In doing my research on faceless dolls I was delighted to run across some websites concerning the application of "faceless" dolls today and why they were chosen or made "faceless." One of the websites concerned the Children With Aids Project (CWA) which was created by Joy and Jim Jenkins. CWA offers a variety of services to children infected or affected by AIDS. One of these services is giving "faceless" dolls to the children infected or affected by Aids. Why did they decide to make and sell "faceless" dolls. Because AIDS is a "faceless" disease. According to their CWA website, by buying one of the dolls you can support their mission to recruit families to provide loving, caring permanent homes for the HIV infected, affected and orphaned children.

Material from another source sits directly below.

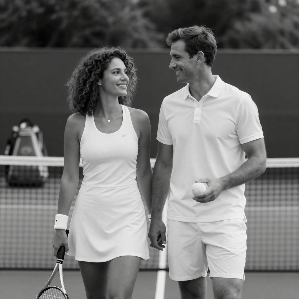 Black-and-white photograph of a smiling couple on a tennis court. The woman, with curly hair, wears a white tennis dress and holds a racket. The man, in a white polo shirt and shorts, holds a tennis ball. Background includes a tennis bag and foliage. The woman stands slightly in front of the man, who is looking at her.

Another article about "faceless" dolls concerned the dolls of Gloria Larocque. She has created 100 or more "faceless" dolls based upon the Iroquois legend that warns young girls about the dangers of vanity. According to the article her purpose, however, is different. Her dolls represent Canada's murdered aboriginal women, a group made faceless not by vanity but by neglect. Her project has helped draw attention to the plight of the murdered aboriginal women.

On the Girl Scouts of South Jersey Pines (GSSJP) website there was an article about a Girl Scout who made and donated 32 faceless dolls to the Pediatrics Department of the Salem Memorial Hospital to help ease the childrens fears of being in the hospital. The dolls were made out of muslin with bright striped and tye-dyed polar fleece t-shorts. The faces were left blank. Attached to each doll was a piece of paper that told the child to "give the doll a face to make it their own."

And, finally, there was article by Brenda Tobias on the Cornell University website concerning Hurricane Katrina and something the alumni did to help the children affected by Hurricane Katrina. A group of 100 alumni got together to sew "faceless" dolls for the children. Doll decorating kits and coloring books were assembled and sent to the children to comfort them.

I think you all know that I, personally, love faceless dolls. Victorians, primitives, country style. It doesn't matter. I love them all.

Why do I love the faceless doll so much? Because I think be being "faceless' the doll can be anything you want him or her to be.

You create the dolls personality to be exactly what you want it to be.

And, as we've seen from the above mentioned articles the application can be heartwarming, meaningful and beautiful.